Add serialization/hashing for integer/natural#6163
Conversation
|
I think the overall structure is fine. Adding As far as the format goes, my opinion is based on no actual usage data. However, my expectation is that most of these numbers are still going to be small. So maybe something that doesn't necessarily use 8 bytes would still be a good idea. Just off the top of my head, since you're writing them big endian, maybe you can serialize just the first However, it might also be good to just use My other comment is that you only changed the version 5 value format.
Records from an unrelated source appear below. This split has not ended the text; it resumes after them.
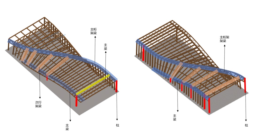 由于设计师是将长方体建筑进行了扭曲,抽空其中一个纵向面的门架柱,室内空间高度、门架梁的呈现效果、扭转角度等有较为具体的要求,使得结构实现变得极有挑战。且设计师希望呈现出一个完整的木结构,不外露任何钢构,因此常规的梁柱结构体系已难以解决本案结构要求。结构师通过与各专业需要进行充分沟通及全盘考虑后,在结构实现上重点抓住“一柱一梁一脊一面”的特点,将渐变的扭曲骨架与室内外两条“S”型脊线进行了完美结合。将建筑要求的“独立”“大跨”“悬挑”“扭转”“曲面”“通透”“全木结构”展现的淋漓尽致,也使得钢、木结构进行一次亲密无间的结合。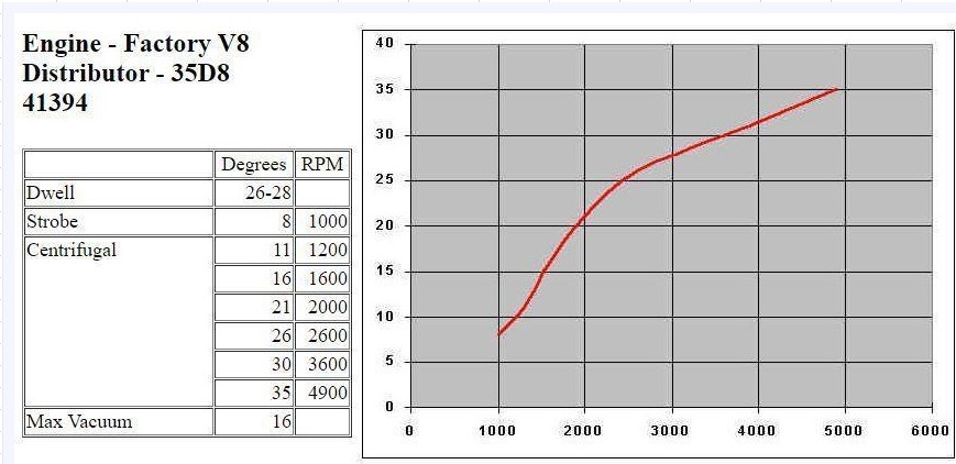 The distributor data shows 35° maximum as RPM increases, at WoT this would be the only advance in place, there would be little or no vacuum. In this condition the table I've created would be giving 40° - Not massively different.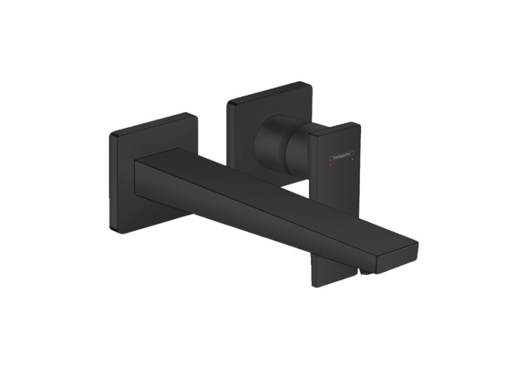 Смеситель для раковины, Hansgrohe, Metropol, тип открывания воды-однорычажный, тип регулирования воды-керамический картридж, тип установки-настенный встраиваемый, отверстия для монтажа-2, вынос излива, мм-225, стандарт подвода воды-1/2", внутренняя часть-необходимо заказать, цвет-черный матовый, незапираемый клапан фильтра Смеситель для раковины, Hansgrohe, Metropol, цвет-черный матовый
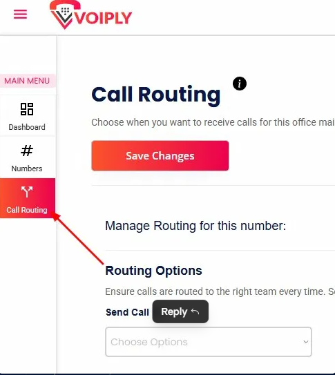 2. Navigate to Call Routing From the left-hand menu, click on Call Routing.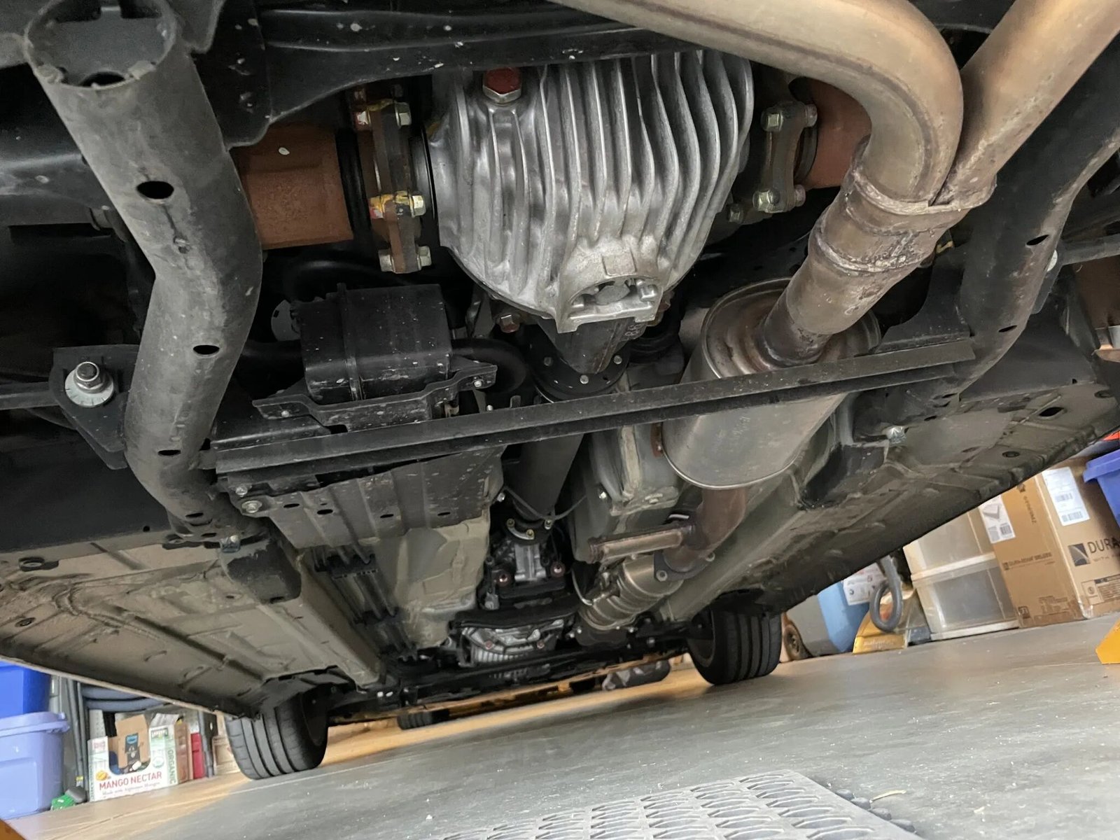 Factory 17″ five-spoke alloy wheels are mounted with 215/45 front and 245/40 rear Michelin Pilot Super Sport tires. The car features double-wishbone suspension and four-wheel disc brakes.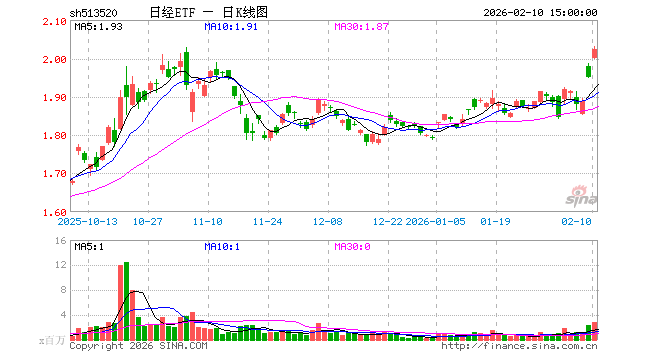 2月10日,日经ETF(513520)涨3.69%,成交额5.65亿元。当日份额增加50.00万份,最新份额为10.13亿份,近20个交易日份额增加1000.00万份。最新资产净值计算值为20.21亿元。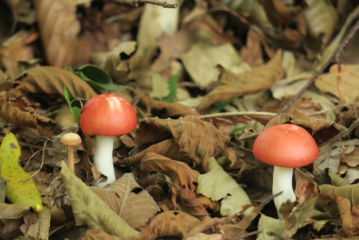 猛毒を持つことで、英名では「死の天使」、「破壊の天使」とも呼ばれる毒きのこです。真っ白な美しい姿が落ち葉の中でよく映えますが、少し食べただけで死にいたります。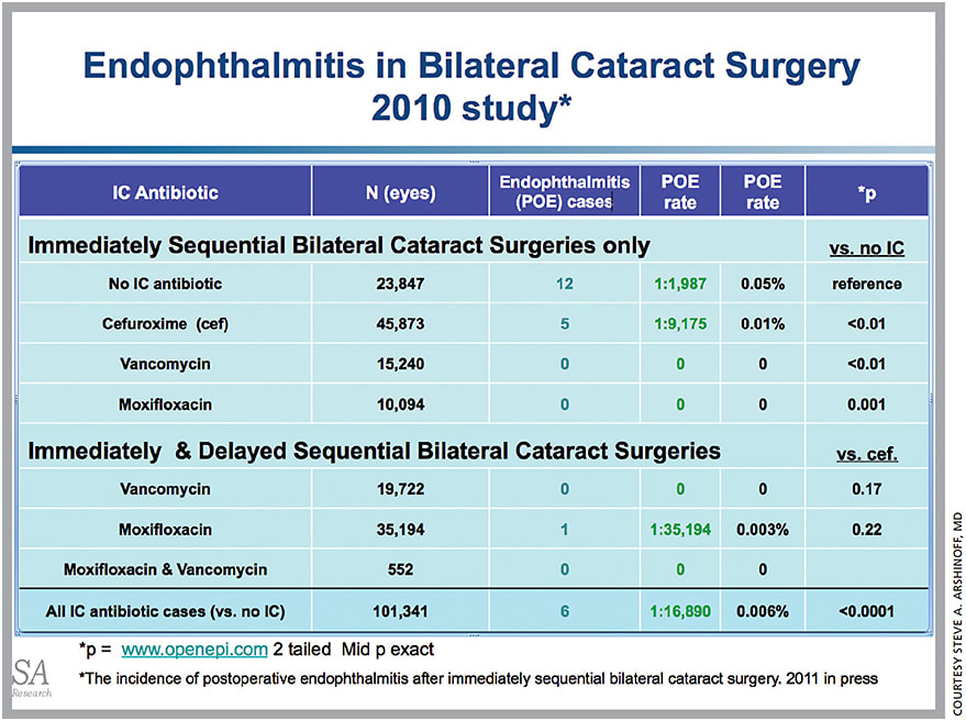 2. Arshinoff SA, Bastianelli PA. Incidence of postoperative endophthalmitis after immediate sequential bilateral cataract surgery. J Cataract Refract Surg. 2011;37:2105-14.

At this point, it's probably what everyone is using. But it's probably good for us to support this in the earlier formats as well. The earlier format might also be used if you try to hash (cryptographic, not murmur) the value. That just involves the same changes in other Also, I just want to make sure: this |
|
That's correct, |
|
OK @dolio I have changed to a varint encoding. LMK if this is better. |
|
The implementation looks good. I think it'd be a good idea to make the tests use |
|
Do we want to wait for the tests? My gut says yes, but someone let me know. |

Overview
This change adds support for serializing and hashing arbitrary-precision
IntegerandNaturalvalues in the Unison runtime.Problem: When a Unison value containing an
IntegerorNaturalwas serialized viareflectValue, the runtime would fail with the error:reflectValue: cannot prepare value for serialization: foreign value. This caused operations like storing values in event logs or transferring them across the network to fail.Solution: Added
BigIntandBigNatconstructors to theBLit(boxed literal) type in the ANF representation, with corresponding serialization, deserialization, and hashing support.User experience: Code that previously hung or failed silently when serializing values containing
IntegerorDecimaltypes now works correctly.Implementation approach and notes
ANF.hs: Added
BigInt IntegerandBigNat Naturalconstructors to theBLitdata type, alongside existing literals likeText,Bytes,Pos,Neg, etc.Tags.hs: Added
BigIntT(tag 15) andBigNatT(tag 16) to theBLTagenum for wire format identification.ValueV5.hs & ANF/Serialize.hs: Added serialization functions that encode arbitrary-precision numbers as:
Natural: length-prefixed list of Word64 chunks (most significant first)Integer: sign byte (0=positive, 1=negative) + Natural magnitudeMurmurHash/Untyped.hs: Added hashing support for
BigIntandBigNatby hashing the sign and Word64 chunks.Machine.hs: Updated
reflectValue(goF) to convertWrapInteger/WrapNaturalforeign values toANF.BigInt/ANF.BigNat, and updatedreifyValue(goL) to convert back.Interesting/controversial decisions
Chose
BLitover alternatives:BLitalready contains other serializable foreign values without literal syntax (Code,Quote,BArr,Arr), so addingBigInt/BigNathere is consistent with existing patterns.Serialization format: Used a simple length-prefixed Word64 chunk format rather than a more compact variable-length encoding. Happy to change this if controversial.
Tail recursion: Made the
naturalToWord64sandintegerToWord64shelper functions tail-recursive and strict.Test coverage
Unison/Test/Runtime/ANF/Serialization.hsgenIntegergenerator that produces small integers (fit in Int64), large positive integers (2^64 to 2^256), and large negative integersgenNaturalgenerator that produces small naturals (fit in Word64) and large naturals (2^64 to 2^256)genBLit, which feeds into the existingvalueRoundtripproperty testAll 276 runtime tests pass.
Loose ends
Serialization format can be debated.